Nelle ricostruzioni dei passaggi salienti della conferenza stampa di inizio anno di Giorgia Meloni, è rimasta ai margini una sua frase su Giuliano Amato. «Sono rimasta particolarmente basita delle dichiarazioni del professor Amato sul tema della Corte costituzionale», ha detto. Il riferimento era a una recente intervista a Repubblica in cui Amato avanzava dubbi e preoccupazioni per il nuovo anno, parlando del rischio di uno squilibrio nella Corte Costituzionale con la nomina di 4 giudici di area centrodestra e del pericolo che le Corti Costituzionali siano additate come nemiche della collettività, citando il caso della Polonia.

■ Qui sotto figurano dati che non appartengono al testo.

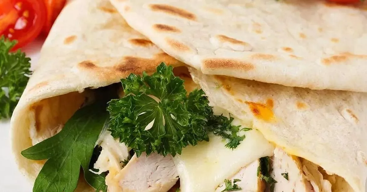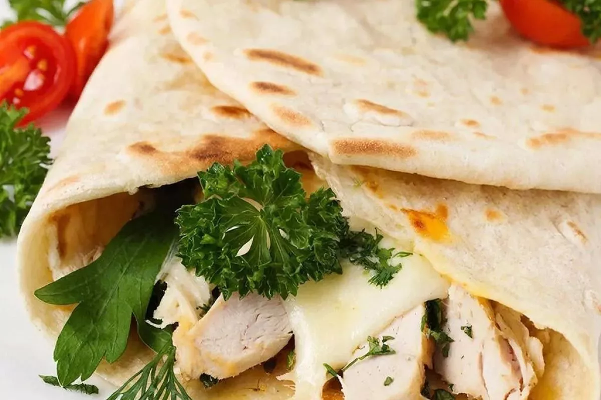 Ингредиенты для приготовления блюда: 200 граммов отваренного куриного филе; 160 граммов творожного сыра; 90 граммов твердого сыра или моцареллы; 250-300 граммов помидоров; 1 столовая ложка сливок с жирностью 35%; 2 столовые ложки сметаны; 2-3 веточки укропа и петрушки; 2 зубчика чеснока (по желанию); соль и перец по вкусу; 2 листа лаваша; 1 желток для смазывания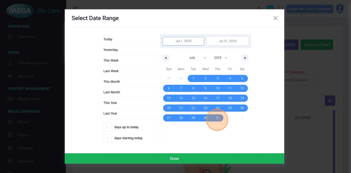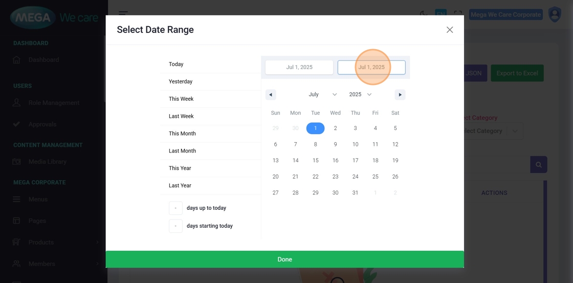 - Reopen the Date Range Selector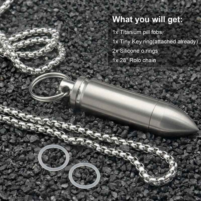 - Package inclue: 1x Titanium Pill Case, 1x Thick Stainless Steel Necklace Chain, 1x Key Ring(attached to case), Spare O rings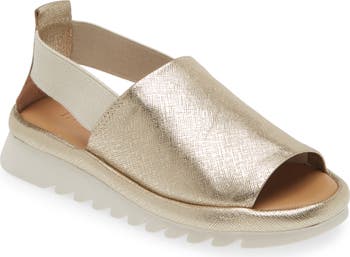A flexible grip sole and well-cushioned footbed ensure all-day comfort in a soft leather sandal eased by breezy side cutouts with elastic straps.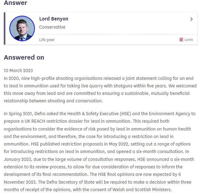 DEFRA Minister responds to question on gamebird industry’s failure to stop using toxic lead ammunition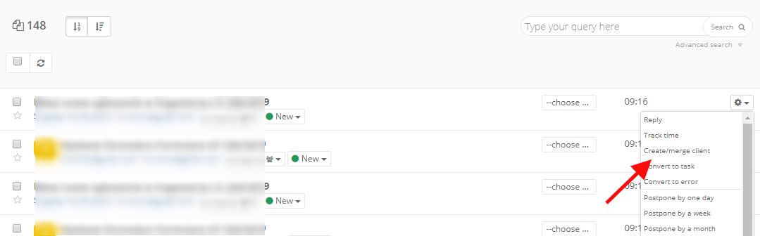To add a new client/add a new email address to an existing client, just click on the cog icon in Inbox, by the right side of an email. Next, select Create/merge client.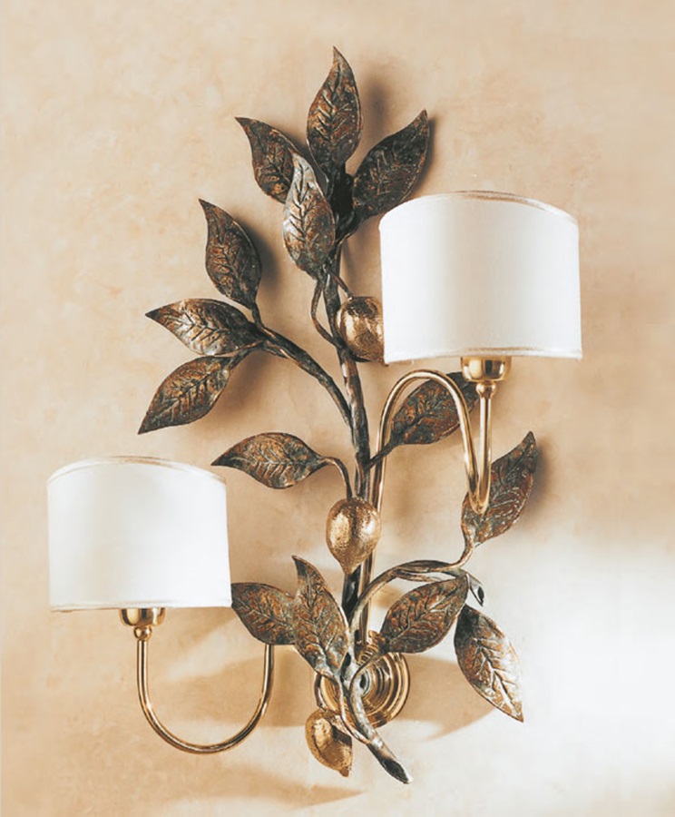 Italian sconces are distinguished by a combination of forged decorative elements made of metal and a lampshade of simple shape, which can be made of silk or glass.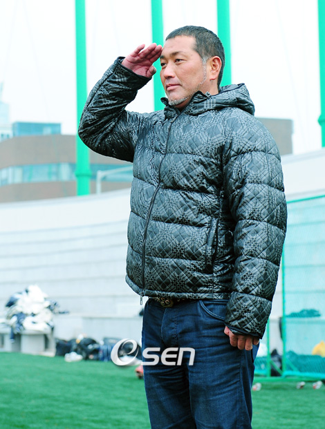 일본 프로야구의 슈퍼스타이며 한국계로 알려진 기요하라 가즈히로(42)가 한국 야구를 취재하기 위해 7일 한국을 찾았다. 2008년을 끝으로 현역에서 은퇴, 일본 지상파 민영방송인 TBS에서 월드베이스볼클래식(WBC) 평론가로 활약 중인 기요하라는 이틀간 한국에 머물면서 WBC 4강, 베이징올림픽 우승 등 최근 급성장한 한국 야구를 취재한다. 신일고 야부구를 찾은 기요하라가 선수들의 인사에 경례로 답하고 있다./윤민호 기자ymh@osen.co.kr

Meloni non le ha mandate a dire e in conferenza stampa ha replicato a quelle affermazioni di Amato: «Siccome entro il 2024 il Parlamento che oggi ha una maggioranza di centrodestra deve nominare quattro giudici della Consulta, ci sarebbe il rischio di una deriva autoritaria. Io penso semmai che sia una deriva autoritaria considerare che chi vince le elezioni, se non è di sinistra, non abbia gli stessi diritti degli altri. Nella mia idea di democrazia questo non esiste, e il mondo nel quale la sinistra ha più diritti degli altri, per quanto mi riguarda, è finito».
E sulla nomina di Amato a presidente della Commissione algoritmi, incaricata di indagare i rischi dell’Intelligenza Artificiale sul mondo dell’informazione, istituita dal Sottosegretario alla Presidenza del consiglio dei ministri con delega all’editoria e all’informazione, Alberto Barachini, la Meloni ha puntualizzato: «Credo si sappia che la sua nomina non è stata una mia iniziativa». Trapelò, infatti, all’epoca della nomina, alcuni mesi fa, una certa irritazione di Palazzo Chigi per l’incauta scelta fatta da Barachini senza consultare nessuno dell’entourage del premier.

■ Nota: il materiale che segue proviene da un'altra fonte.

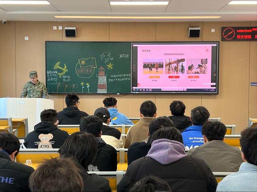 本网讯(见习记者胡尔豪)为激发青年爱国情怀,明晰参军报国路径,我系于12月27日14:00在A-101开展老员工征兵政策宣讲会,本次会议由退伍士兵宋坤主讲,2024级全体男生参会。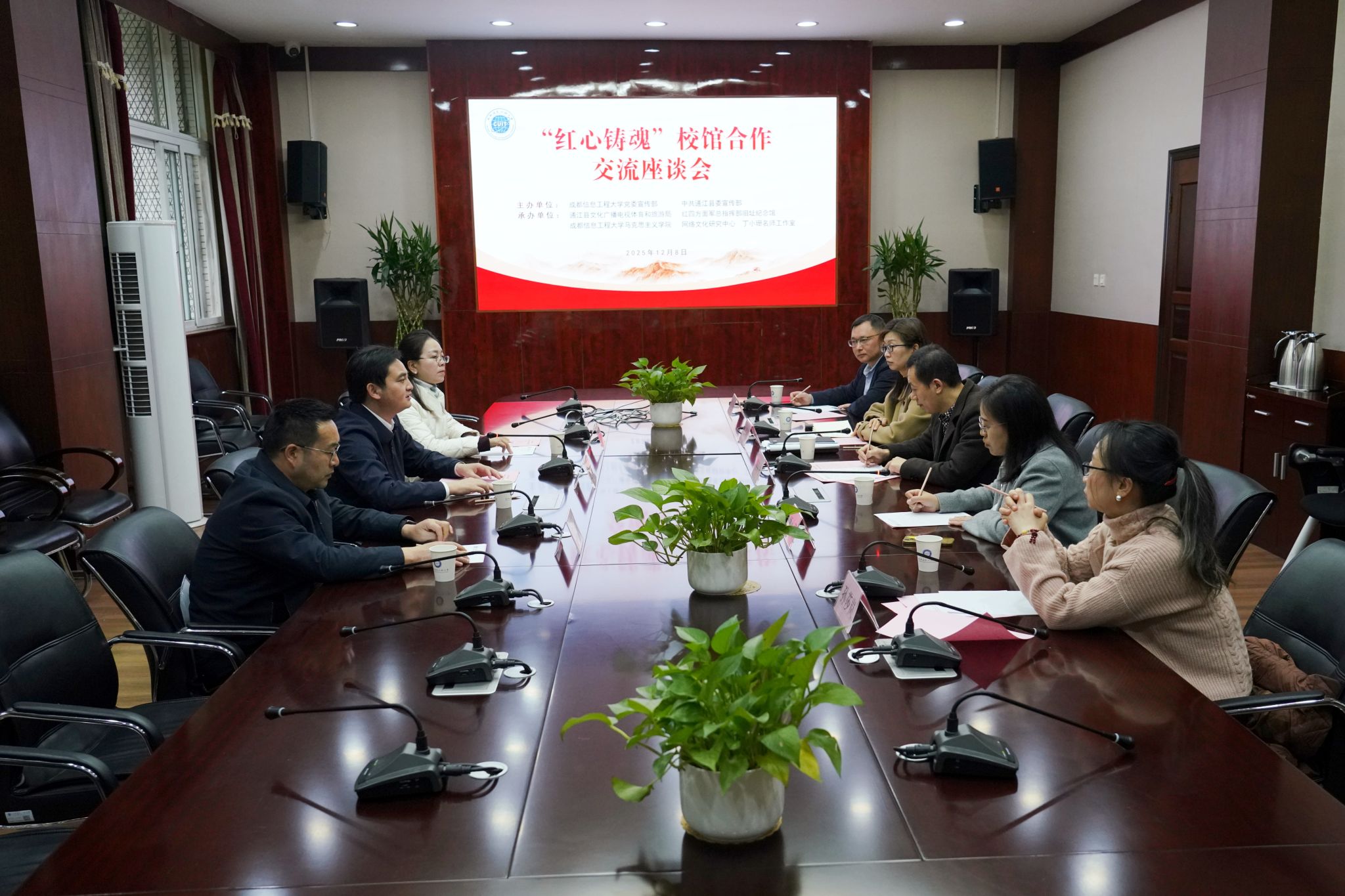 本次活动有“红心铸魂”校馆合作交流座谈会、成信礼堂室内活动、参观《川陕苏区红色文化历史展》三个部分。

Amato non l’ha presa bene e ieri ha annunciato le sue dimissioni. «È una commissione della Presidenza del Consiglio - ha detto - e visto che la mia nomina non risulta essere un'iniziativa della presidente del Consiglio lascio senz'altro l'incarico». E ha aggiunto velenosamente: «Peccato, ci perdono qualcosa... Ma a me semplificherà la vita».
A prescindere dalla contrarietà della Meloni, la nomina di Amato era comunque stata salutata con scetticismo e stupore da gran parte della comunità scientifica e tecnologica, vista l’età avanzata di Amato (86 anni) e considerato che il focus dei lavori di quella commissione era proprio l’esplorazione delle nuove frontiere dell’innovazione tecnologica. Tanti altri docenti più giovani avrebbero potuto guidare quell’organismo con uno slancio maggiore e una sensibilità all’innovazione tecnologica ben superiore alla sua.
Il botta e risposta Amato-Meloni riporta d’attualità tutte le innumerevoli uscite infelici del costituzionalista, che evidentemente non ha mai digerito la mancata elezione a Presidente della Repubblica e da tempo ha ormai fatto del rancore la cifra distintiva di ogni suo intervento. Nel giugno scorso, con l’ex presidente della Corte Costituzionale Franco Gallo, l’ex presidente del Consiglio di Stato, Alessandro Pajno e l’ex ministro della funzione pubblica, Franco Bassanini si dimise dal Comitato per l’individuazione dei Lep (Livelli essenziali delle prestazioni) istituito per supportare i lavori parlamentari per la riforma sull’autonomia differenziata voluta dal ministro Roberto Calderoli. Quella mossa fu interpretata dai più come un tentativo puramente politico di stoppare una riforma che il centrodestra (in particolare la Lega) porta avanti da tempo e sulla quale invece sarebbe opportuno trovare convergenze trasversali anziché alimentare guerre ideologiche e territoriali.
Clamore suscitarono le parole di Amato di qualche mese fa a proposito della strage di Ustica: «Ci sono persone che sanno cosa è accaduto quel 27 giugno 1980 nei cieli italiani. Gli eventuali reati commessi sono ormai caduti in prescrizione. Queste persone, dunque, non rischiano nulla e non hanno più niente da perdere. È ora che dicano la verità». La domanda sorse spontanea: perché Amato parla solo ora e non fa lui i nomi di queste persone? Il Copasir lo convocò nell’ottobre scorso e lo torchiò per circa due ore ma senza risultato. Eppure l’ex Presidente della Consulta aveva accreditato la pista del missile francese, peraltro rivelatasi infondata già in anni passati, senza fornire argomentazioni a supporto. Intanto aveva mandato i suoi consueti messaggi in codice, lanciando il sasso e ritirando la mano, e occupando la scena mediatica come gli piace fare.
Ma Amato è soprattutto un uomo della Prima Repubblica, anche se poi ha rinnegato il suo passato e mostrato profonda ingratitudine nei confronti di Bettino Craxi cui deve tutto o quasi. La figlia di Craxi, Stefania, in un’intervista di qualche settimana fa, ricordò: «Quando esplosero i primi scandali, a Milano e a Torino, mio padre mandò Amato come commissario. Craxi fu condannato perché non poteva non sapere. Amato poteva non sapere? Ad Hammamet non l'abbiamo mai visto».
Giuliano Amato nel 1993, in piena Tangentopoli, ebbe il coraggio di dire «Non sono un uomo per tutte le stagioni». Ma la sua storia dice tutt’altro, soprattutto se si pensa al suo rapporto con Craxi, che accoltellò senza pietà, prendendo repentinamente le distanze da lui e da tutte le scelte politiche da lui compiute. Non ci sarebbe bisogno di altre conferme per capire chi è Giuliano Amato, un rancoroso che non trova pace e che con le sue continue esternazioni avvelena i pozzi e fa del male proprio a quelle istituzioni che si vanta di servire e di rispettare.